We know that House Republicans are in denial about the human cost of immigration enforcement and massive deportations. That’s why they’d rather kick immigrant families out of their offices than face up to the true consequences of enforcement-only policies. This week, two new developments make it clear that the denial runs deep: Congress isn’t even willing to acknowledge the financial cost that enforcement is imposing right now on state and local governments, and the SAFE To Harass Act would (unsurprisingly) just make the problem worse.
Immigration enforcement always ends up being more costly to state and local governments than they ever imagine. Alabama’s law HB 56 cost an estimated $11 billion to the state’s economy. Arizona spent $1.5 million just to defend SB 1070 against court challenges—and that’s before the case went to the Supreme Court (where much of the law was struck down). But it’s hard to feel too bad for states and cities that pass anti-immigrant laws, only to realize they don’t work as intended (unless the intention is to line Kris Kobach’s pockets).

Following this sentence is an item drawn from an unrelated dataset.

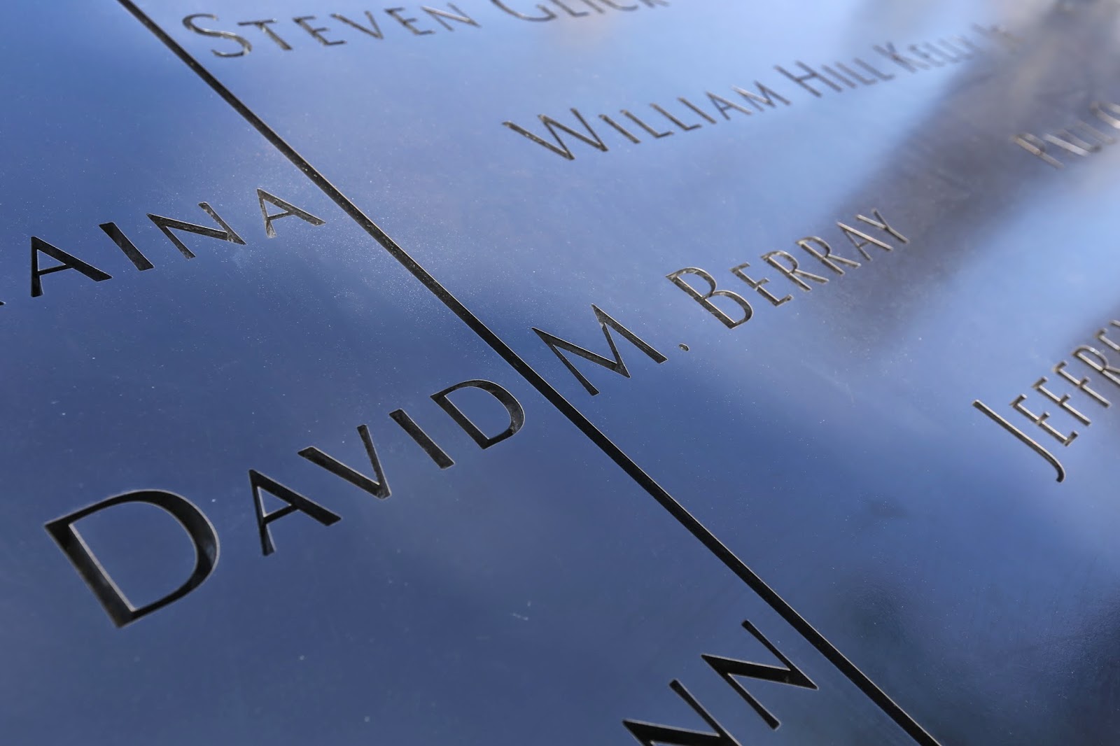 I abandoned the task temporarily and focused on snapping a few pictures of the North Pool, from various angles. After getting a few shots I wanted, I paused momentarily and my eyes focused on the section of the rim in front of me. There it was, the name I had been looking for. By coincidence, or perhaps there was some mysterious force at work which naturally drew me to it, I came upon it without making any effort at all. David M. Berray. The one name among thousands that meant something to me. Instinctively I reached out my hand to touch the engraved letters, wanting to make that personal connection. Tears welled up in my eyes instantly.

It’s another thing entirely when a state or city is bearing the cost of a federal enforcement mandate that the local government doesn’t necessarily support. That’s why Miami-Dade County decided this week to stop paying to hold undocumented immigrants in jail after they’re supposed to be released so that they can be picked up by ICE agents. The practice of ICE asking local cops to keep an immigrant in jail for an extra 48 hours so that ICE can take them into custody (and probably deport them), known as an immigration “detainer,” has come under fire around the country this year—it’s a cheap way for ICE to put out a dragnet to round up immigrants with traffic offenses and force local governments to foot the bill. Miami-Dade, for example, has “sent the federal government invoices for hundreds of thousands of dollars in expenses a year”—but “has been paid far less than other, smaller Florida counties” in return. And it’s not alone: in the past fiscal year, the money state and local governments requested in federal SCAAP grants (one of the ways the federal government reimburses them for enforcement) was six times the amount of money Congress appropriated.
Now, Miami-Dade County is the latest to tell the government that it will no longer pay for the privilege of helping ICE tear families apart. As County Commissioner Sally Heyman said, “Not only is it about saving money. It’s about saving people.”

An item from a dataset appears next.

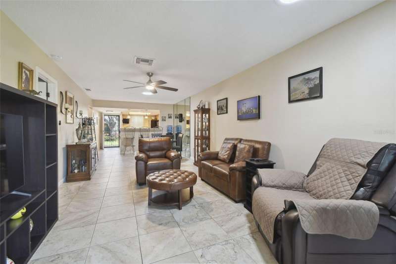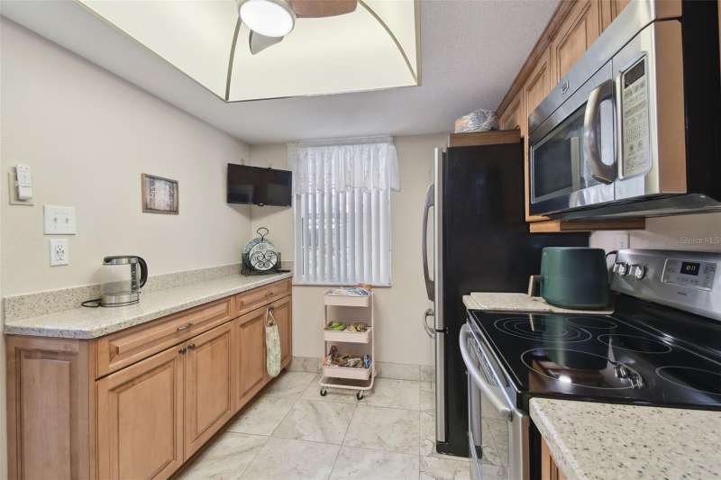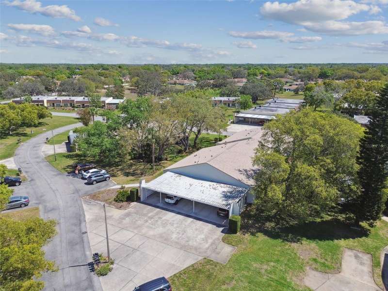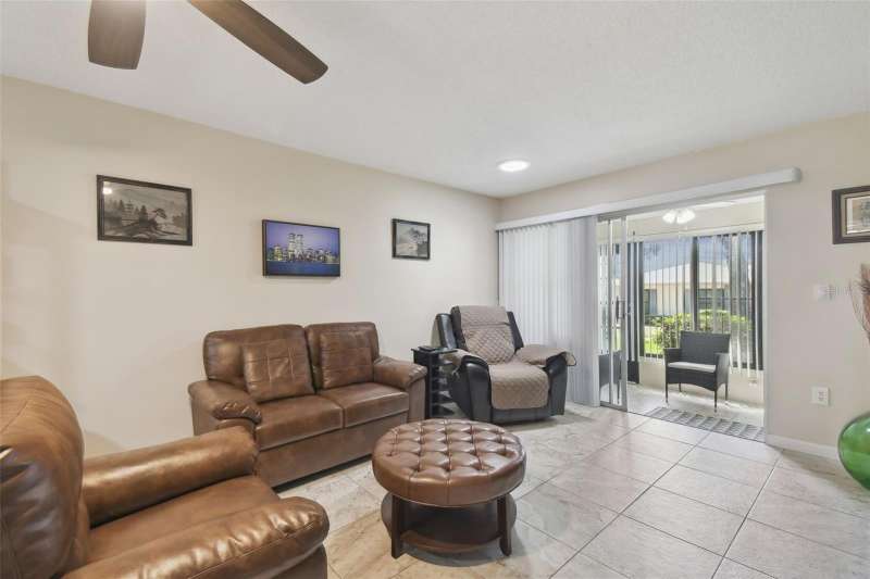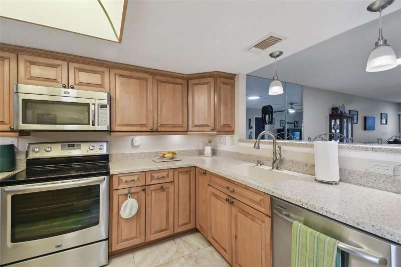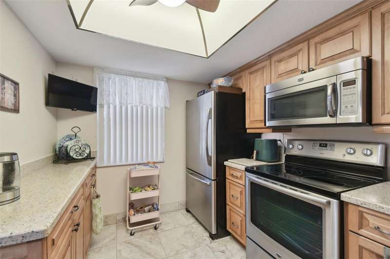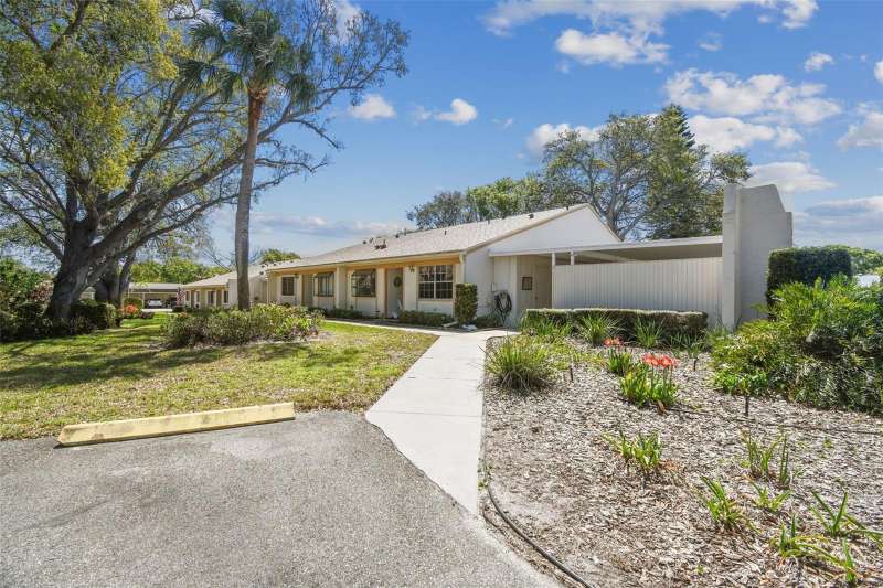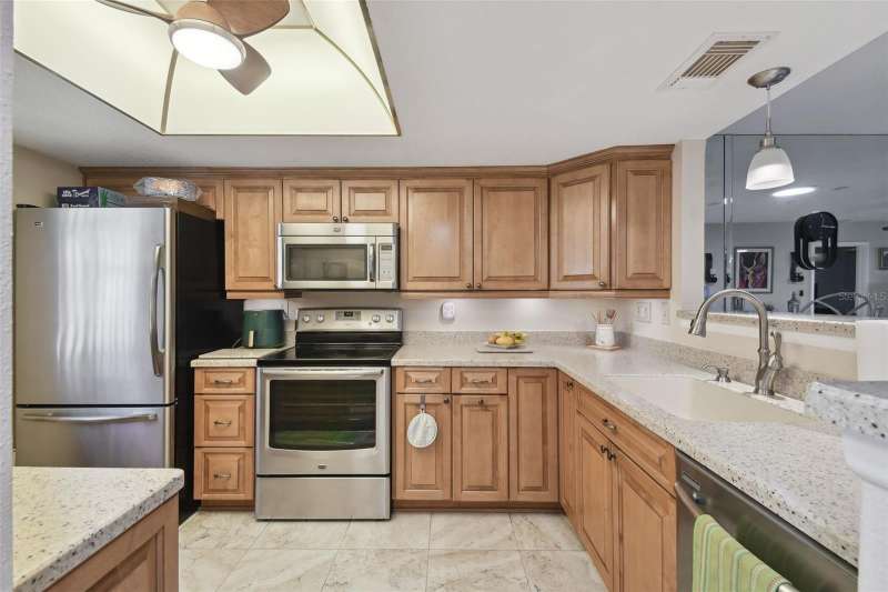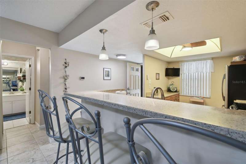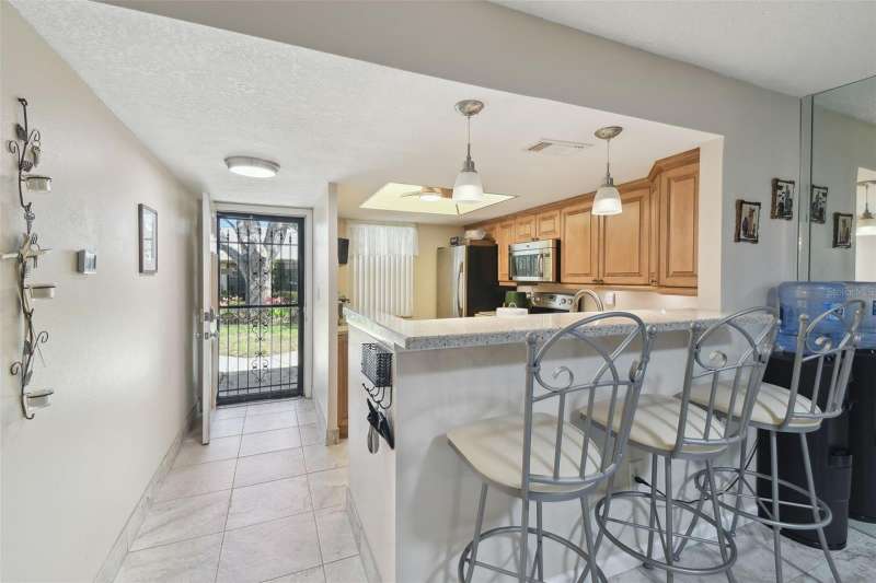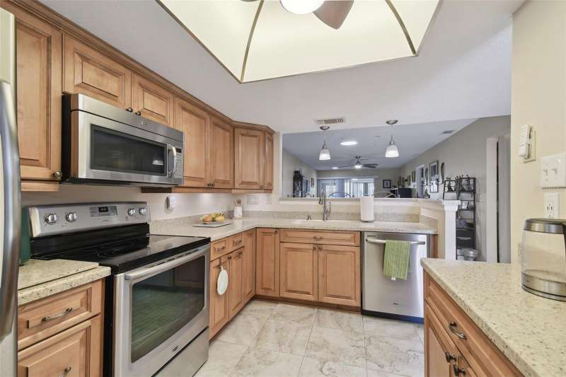 Under contract-accepting backup offers. PRICE REDUCED! Take a look at this 2/2 condo in the active community of Timber Oaks. Make this cozy updated villa your home. The Stunning kitchen features under cabinet lighting and solid stone countertops. Plus tons of storage and prep space. Range, refrigerator, dishwasher, microwave, are all Stainless Steel Maytag Appliances. With the wall removed from the kitchen area along with the skylight in the dining room the space has tons of natural lighting. The split bedroom plan offers plenty of privacy when company is visiting. A lovely screened in back porch is the perfect spot to greet the morning sun. You have a closet off the screened porch for storage along with a storage closet located at the carport parking area of the home. Washer & dryer and water softener included, A/c 2017, Exterior painted 2021, 2022 roof. Dues include water/sewer, trash, expanded cable, Internet, insurance, all outside maintenance, reserves, private area pool. Fairway Villas has a private swimming pool adjoining the Timber Oaks clubhouse that is heated, meeting rooms, holiday parties, card games, sewing, bible study, exercise room, paint & sketch group, needlework, Texas hold'em, Poker, pickleball, bocce, and much more!

So what’s House Republicans’ solution to the problem of not paying local police departments enough to enforce the policies they already have on the books? Force them to do even more, obviously. That’s the lesson of the SAFE To Harass Act—the first immigration bill the House Judiciary Committee passed this year. The Congressional Budget Office (last seen pointing out that the Senate’s immigration bill would save $1 trillion over 20 years) released its“score” of the SAFE Act this week, and found—duh—that it would cost the federal government $22.9 billion over 5 years. (Apparently Bob Goodlatte and company were too scared of the costs to ask the CBO to score a 10- or 20-year window, like their Senate counterparts insisted on for S744.) That’s because the CBO assumes that the federal government would go from giving state and local governments one-sixth of the money they spend detaining only immigrants who have been convicted of crimes, like they do now, to giving them all the money they need to detain any immigrant who’s been chargedwith a crime—i.e. any immigrant who’s been pulled over by some wannabe Arpaio for having a broken taillight and gotten charged with driving without a license. So the $4.6 billion annual cost of the SAFE to Harass Act won’t just fall on the Congress that passes it—much of it will fall on state and local governments like Miami-Dade County.

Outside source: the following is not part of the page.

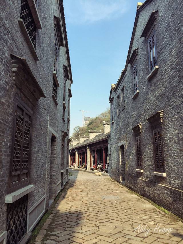 继续在小巷里穿梭,遇到这样一栋建筑,有着形似徽派建筑的高墙头,但整体线条以直线为主,更加棱角分明

It would be great if the CBO score, or the SCAAP gap, or Miami-Dade’s new detainer policy forced Bob Goodlatte and House Republicans to confront the reality of the immigration policies they’re pushing. The damage done by the SAFE to Harass Act, to budgets and communities, just isn’t worth it. But if Goodlatte and company won’t even acknowledge the cost in dollars, how will they ever acknowledge the cost of human lives?